History from The New History of Shelby County Kentucky, Shelby County Historical Society

Helmwood Hall

by John David Myles

William S. Helm built Helmwood Hall, which faces the Eminence Pike midway between Shelbyville and Eminence, around 1840. He was born in 1806, the son of Joseph Helm Jr., of Lincoln County. Joseph and his wife gave William 193 acres in Shelby county in 1830, likely on the occasion of his marriage to Rebecca Henton on February 23 of that year. William purchased 82 more acres from his parents in 1831 and later added to the farm until it contained 432 acres when sold by him in 1874.

Helmwood is a superb Greek Revival farmhouse. Tradition holds that John F. Hagan designed and built the house. Whether Helm had help from Hagan or a plan book, his home is a beautifully proportioned five bay, two story clapboard structure with a low hip roof, interior end chimneys, six-over-six windows, and a two-story tetrastyle porch over the main entry. Fluted ionic columns support the porch, complete with pediment, and its entablature continues around the house signaling clearly that the porch was no afterthought.
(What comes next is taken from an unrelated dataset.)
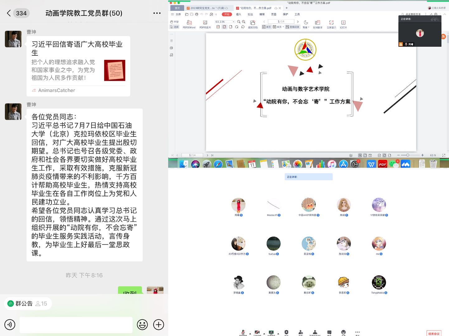 7月11日上午,学院召开“动院有你,不会忘‘寄’”线上动员会。教工党员积极带头,班主任、辅导员及任课教师也踊跃参加。学院党委书记曹坤在会议上提出期望,在活动中,要实现党员教师思想引领和价值观塑造,打造样板党支部,发挥党员先锋模范带头作用。院长黄心渊教授指出,今年是特殊的一年,这是一次难忘的记忆,学院非常感谢各位老师来参加志愿服务活动,同时也希望大家在服务的过程中程序规范、勤于沟通,让每一位学生满意。

Sheltered by this porch, the front door is topped by a six-pane transom and a dentilled cornice and has narrow three-pane sidelights and pilasters. An ell extends from the right side of the house and a single story, originally detached, brick kitchen is located behind the ell. A single-story porch follows the inside of the ell.

The interior of the house is completed in the same restrained but carefully executed detail as the exterior. These elements include door surrounds with pilasters and full entablatures, reeded casing with corner blocks, eleven-foot ceilings, and a cherry stair rail on straight ballusters, which curves around a turned newel. The house has four-panel doors and the mantels are simple, reflecting the overall Greek Revival design.

Helm and his first wife had two daughters who lived long lives and three sons who each died before their second birthdays. The first Mrs. Helm died in 1854 and William married Ann Collier in 1856. Mr. Helm served as one of Shelby County's representatives in the General Assembly in 1842 and in 1871 was a county magistrate. Helm, a Southern sympathizer, sheltered John Hunt Morgan during his flight South after escaping the federal prison in Chillicothe, Ohio, in December 1863, disguised as a cattle buyer.

In 1874, Helm traded half the farm for other land on Bullskin Creek and sold the other half and the house to Hagan, the reputed builder. It appears that Helm moved to Eminence where he died in 1885. Hagan owned the property until his death in 1902. In 1914, his heirs sold the property to James S. Hays whose family lived there until the early 1950s. Passing from the Hays family to Dr. and Mrs. Donald Vandertoll, the farm was subsequently sold to Dee and Robert Ellis who sold the house and 25 acres to Kelly Scott Reed and Mark E. Dennen in 1984.